Several subcortical structures within the mesocorticolimbic (MCL) system have been established as critical components of drug reward/reinforcement. Animals will directly self-administer EtOH and NIC into the posterior ventral tegmental area (pVTA) at pharmacologically relevant concentrations (Hauser et al. 2014; Rodd et al. 2004). Moreover, EtOH is self-infused into the nucleus accumbens shell (AcbSh) (Engleman et al. 2009).
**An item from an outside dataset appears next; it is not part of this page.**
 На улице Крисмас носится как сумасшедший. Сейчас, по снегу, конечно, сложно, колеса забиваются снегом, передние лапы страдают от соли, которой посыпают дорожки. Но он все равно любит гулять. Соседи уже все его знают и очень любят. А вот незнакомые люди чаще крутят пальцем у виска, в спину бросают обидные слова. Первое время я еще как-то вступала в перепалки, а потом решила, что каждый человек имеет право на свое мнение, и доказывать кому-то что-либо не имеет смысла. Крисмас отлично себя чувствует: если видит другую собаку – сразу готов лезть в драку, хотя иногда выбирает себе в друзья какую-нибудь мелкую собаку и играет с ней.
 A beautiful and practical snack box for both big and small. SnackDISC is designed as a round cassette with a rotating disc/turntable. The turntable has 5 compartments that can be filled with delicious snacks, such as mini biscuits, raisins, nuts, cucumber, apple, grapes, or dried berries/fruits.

A recent study provided evidence that EtOH and NIC act synergistically to produce reinforcement within the pVTA. Male and female alcohol-preferring (P) rats exhibited reliable operant responding for a combination of subthreshold concentrations of EtOH and NIC (50 mg% and 1 μM, respectively) but failed to reliably infuse either compound alone (Truitt et al. 2015). Exposure of midbrain slices to low concentrations of EtOH and NIC resulted in stimulation of VTA dopamine (DA) neurons that was not observed following equivalent exposure to EtOH or NIC alone (Clark and Little 2004). To date, there has been limited research examining the interactions of chronic EtOH and NIC. Recently, chronic EtOH and NIC consumption was readily obtained through the use of an operant oral self-administration model (Hauser et al. 2012). In this paradigm, the drug intake of alcohol-preferring (P) rats produced binge-like blood-EtOH levels and blood-NIC levels comparable to that observed in chain smokers (Hauser et al. 2012), providing a useful model in which to examine the neurobiological ramifications of EtOH and NIC co-abuse.
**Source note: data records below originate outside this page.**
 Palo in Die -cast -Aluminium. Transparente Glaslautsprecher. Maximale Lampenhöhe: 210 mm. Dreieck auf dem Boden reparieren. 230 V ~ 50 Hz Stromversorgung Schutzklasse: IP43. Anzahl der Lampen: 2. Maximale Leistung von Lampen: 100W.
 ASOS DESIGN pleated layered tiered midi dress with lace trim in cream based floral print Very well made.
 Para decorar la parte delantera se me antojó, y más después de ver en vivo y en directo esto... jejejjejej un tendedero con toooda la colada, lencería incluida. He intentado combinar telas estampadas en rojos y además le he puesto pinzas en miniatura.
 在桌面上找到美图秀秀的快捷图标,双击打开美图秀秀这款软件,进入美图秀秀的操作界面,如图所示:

The current experiments were conducted to examine the consequences of the chronic co-abuse of EtOH and NIC followed by an imposed abstinence on the rewarding properties of NIC within the AcbSh as well as basal extracellular levels and clearance of GLU within the mPFC. The hypothesis to be tested was that EtOH and NIC co-abuse produces enduring behavioral and neurobiological alterations within the MCL system that are not observed following the abuse of EtOH or NIC individually.

Materials and methods

Animals

Female P rats, from the 68th to 71st generations weighing 250–320 g at the time of surgery were used. Rats were double-housed upon arrival and maintained on a 12-h reverse light–dark cycle (lights off at 0900 hours). Food and water were freely available except in the test chamber. Animals used in this study were maintained in facilities fully accredited by the Association for the Assessment and Accreditation of Laboratory Animal Care (AAALAC). All research protocols were approved by the institutional animal care and use committee and are in accordance with the guidelines of the Institutional Care and Use Committee of the National Institute on Drug Abuse, NIH, and the Guide for the Care and Use of Laboratory Animals (Research Institute for Laboratory Animal Research 2011).

EtOH, sacc + NIC, and EtOH and NIC operant self-administration

Ethyl alcohol (190 proof; McCormick Distilling Co., Weston, MO) was diluted using distilled water to concentrations of 10, 20, and 30 % v/v. NIC HCl was purchased from Sigma (St. Louis, USA). NIC concentrations of 0.07 and 0.14 mg/mL (salt) were dissolved in 0.0125 % saccharin (Sacc) or 10, 20, and 30 % EtOH for operant oral self-administration sessions.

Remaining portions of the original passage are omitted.